There are multiple reasons why this is very suboptimal and prone
to bugs. To name one: the return code mapping for such abnormal
program exit of 0 does not always match with a suitable program
type's exit code mapping. For example, '0' in tc means action 'ok'
where the packet gets passed further up the stack, which is just
undesirable for such cases (e.g. when implementing policy) and
also does not match with other program types.
While trying to work out an exception handling scheme, I also
noticed that programs crafted like the following will currently
pass the verifier:
0: (bf) r6 = r1
1: (85) call pc+8
caller:
R6=ctx(id=0,off=0,imm=0) R10=fp0,call_-1
callee:
frame1: R1=ctx(id=0,off=0,imm=0) R10=fp0,call_1
10: (b4) (u32) r2 = (u32) 0
11: (b4) (u32) r3 = (u32) 1
12: (3c) (u32) r3 /= (u32) r2
13: (61) r0 = *(u32 *)(r1 +76)
14: (95) exit
returning from callee:
frame1: R0_w=pkt(id=0,off=0,r=0,imm=0)
R1=ctx(id=0,off=0,imm=0) R2_w=inv0
R3_w=inv(id=0,umax_value=4294967295,var_off=(0x0; 0xffffffff))
R10=fp0,call_1
to caller at 2:
R0_w=pkt(id=0,off=0,r=0,imm=0) R6=ctx(id=0,off=0,imm=0)
R10=fp0,call_-1
from 14 to 2: R0=pkt(id=0,off=0,r=0,imm=0)

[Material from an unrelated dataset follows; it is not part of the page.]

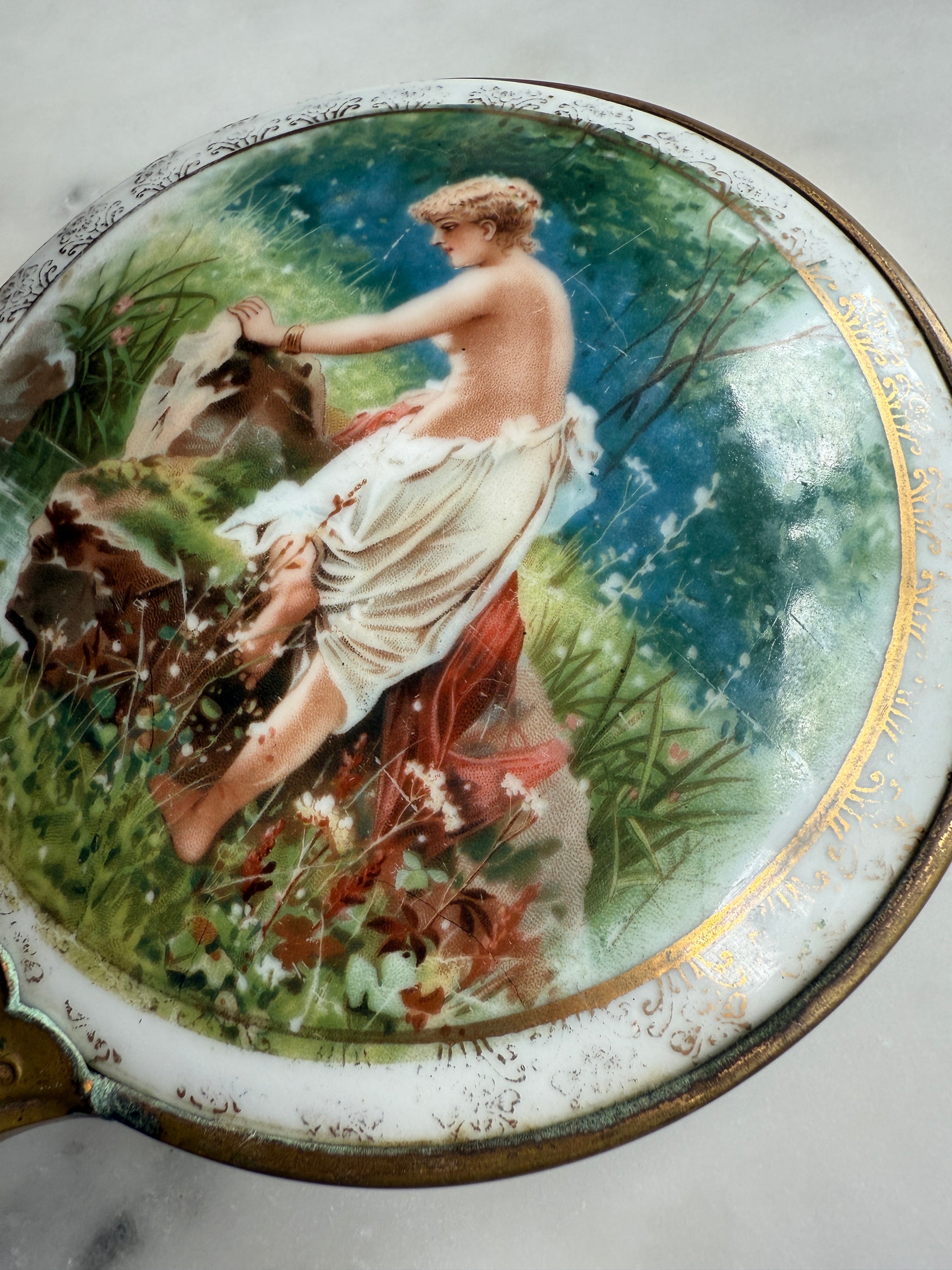 Decorative Inserts: The most striking feature is the hand-painted or highly detailed transferware scenes on the back of the mirror and brush. They depict a classical or mythological figure (possibly a nymph or goddess) in a natural landscape setting with flowing water. The brush insert is oval, and the mirror insert is round. Both have the same image making this a matching set. The details on the porcelain inserts, including the delicate gold accents around the edges, add to their beauty and value.

R6=ctx(id=0,off=0,imm=0) R10=fp0,call_-1
2: (bf) r1 = r6
3: (61) r1 = *(u32 *)(r1 +80)
4: (bf) r2 = r0
5: (07) r2 += 8
6: (2d) if r2 > r1 goto pc+1
R0=pkt(id=0,off=0,r=8,imm=0) R1=pkt_end(id=0,off=0,imm=0)
R2=pkt(id=0,off=8,r=8,imm=0) R6=ctx(id=0,off=0,imm=0)
R10=fp0,call_-1
7: (71) r0 = *(u8 *)(r0 +0)
8: (b7) r0 = 1
9: (95) exit
from 6 to 8: safe
processed 16 insns (limit 131072), stack depth 0+0
Basically what happens is that in the subprog we make use of a
div/mod by 0 exception and in the 'normal' subprog's exit path
we just return skb->data back to the main prog. This has the
implication that the verifier thinks we always get a pkt pointer
in R0 while we still have the implicit 'return 0' from the div
as an alternative unconditional return path earlier. Thus, R0
then contains 0, meaning back in the parent prog we get the
address range of [0x0, skb->data_end] as read and writeable.
Similar can be crafted with other pointer register types.
Since i) BPF_ABS/IND is not allowed in programs that contain
BPF to BPF calls (and generally it's also disadvised to use in
native eBPF context), ii) unknown opcodes don't return zero
anymore, iii) we don't return an exception code in dead branches,
the only last missing case affected and to fix is the div/mod
handling.
What we would really need is some infrastructure to propagate
exceptions all the way to the original prog unwinding the
current stack and returning that code to the caller of the
BPF program. In user space such exception handling for similar
runtimes is typically implemented with setjmp(3) and longjmp(3)
as one possibility which is not available in the kernel,
though (kgdb used to implement it in kernel long time ago). I
implemented a PoC exception handling mechanism into the BPF
interpreter with porting setjmp()/longjmp() into x86_64 and
adding a new internal BPF_ABRT opcode that can use a program
specific exception code for all exception cases we have (e.g.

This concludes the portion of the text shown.